MAKASSAR
MAKASSAR
\
Kerajaan Makassar berdiri pada abad ke-16 Masehi yang awalnya terdiri atas dua
kerajaan yaitu kerajaan Gowa dan Tallo, Kemudian keduanya bersatu dibawah pimpinan raja
Gowa yaitu Daeng Manrabba. Setelah menganut agama Islam Ia bergelar Sultan Alauddin.
Sedangkan Raja Tallo sendiri yaitu Karaeng Mattoaya yang bergelar Sultan Abdullah,
Bersatunya kedua kerajaan ini bersamaan dengan tersebarnya agama Islam di Sulawesi Selatan.
Awalnya Upaya penyebaran agama Islam dari Jawa ke Makassar tidak banyak membawa
hasil. Demikian pula usaha Sultan Baabullah dari Ternate yang mendorong penguasa Gowa-
Tallo agar memeluk agama Islam. Islam baru dapat berpijak kuat di Makassar berkat upaya
Datok Ribandang dari Minangkabau.
Pada tahun 1650, Penguasa Gowa dan Tallo memeluk agama Islam.
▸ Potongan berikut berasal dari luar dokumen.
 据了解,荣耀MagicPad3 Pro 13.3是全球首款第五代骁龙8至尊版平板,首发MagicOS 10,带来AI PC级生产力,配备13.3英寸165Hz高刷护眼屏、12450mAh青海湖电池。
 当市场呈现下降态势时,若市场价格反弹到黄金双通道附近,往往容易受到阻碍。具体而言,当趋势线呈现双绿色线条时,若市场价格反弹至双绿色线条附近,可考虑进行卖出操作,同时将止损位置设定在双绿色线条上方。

Dalam
perjalanannya kerajaan masing-masing, dua kerajaan bersaudara ini dilanda peperangan
bertahun-tahun. Hingga kemudian pada masa Gowa dipimpin Raja Gowa X, Kerajaan Tallo
mengalami kekalahan. Kedua kerajaan kembar itu pun menjadi satu kerajaan dengan
kesepakatan “Rua Karaeng se’re ata” (dua raja, seorang hamba). Kerajaan Gowa dan Kerajaan
Tallo ini akhirnya meleburkan Pusat pemerintahan dari Kerajaan Makassar terletak di
Sombaopu.
Letak kerajaan Makassar sangat strategis karena berada di jalur lalu lintas pelayaran
antara Malak dan Maluku. Letaknya yang sangat strategis itu menarik minat para pedagang
untuk singgah di pelabuhan Sombaopu. Dalam waktu singkat, Makassar berkembang menjadi
salah satu Bandar penting di wilayah timur Indonesia.
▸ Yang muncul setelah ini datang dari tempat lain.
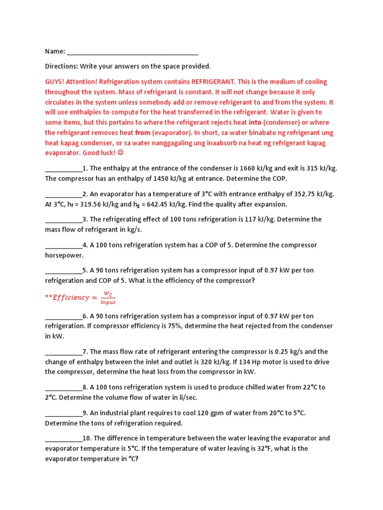 __________5. A 90 tons refrigeration system has a compressor input of 0.97 kW per ton
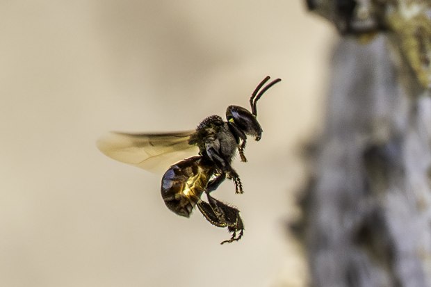 Tetragonula carbonara Bees flying to and away from the hive.
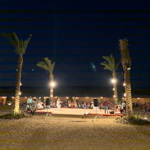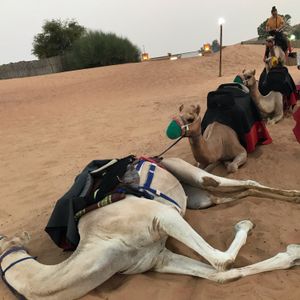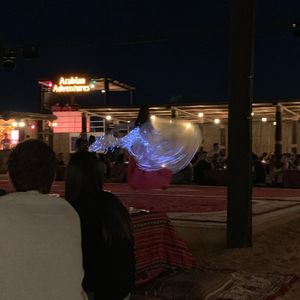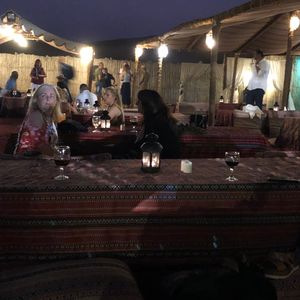 アラビアンBBQディナーは広い会場の割に人が少なくてちょっと寂しい感じ。多過ぎるよりいいですが、料理は期待したほどではなかったです。らくだに乗るのにたくさんの人が並びますが、皆が乗り終わった後、誰もいなくなってから乗ることが出来ました。夜は寒いかと思ってましたが長袖シャツで大丈夫でした。
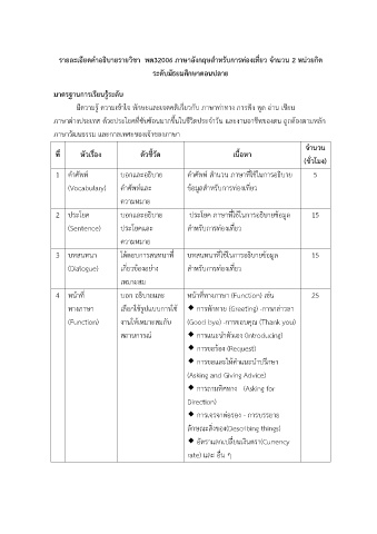รายละเอียดคำอธิบายรายวชา พต32006 ภาษาอังกฤษสำหรับการท่องเที่ยว จำนวน 2 หน่วยกิต

Pada awalnya di daerah Gowa terdapat sembilan komunitas, yang dikenal dengan nama
Bate Salapang (Sembilan Bendera), yang kemudian menjadi pusat kerajaan Gowa: Tombolo,
Lakiung, Parang-Parang, Data, Agangjene, Saumata, Bissei, Sero dan Kalili.
Melalui berbagai cara, baik damai maupun paksaan, komunitas lainnya bergabung untuk
membentuk Kerajaan Gowa. Cerita dari pendahulu di Gowa dimulai oleh Tumanurung sebagai
pendiri Istana Gowa, tetapi tradisi Makassar lain menyebutkan empat orang yang mendahului
datangnya Tumanurung, dua orang pertama adalah Batara Guru dan saudaranya.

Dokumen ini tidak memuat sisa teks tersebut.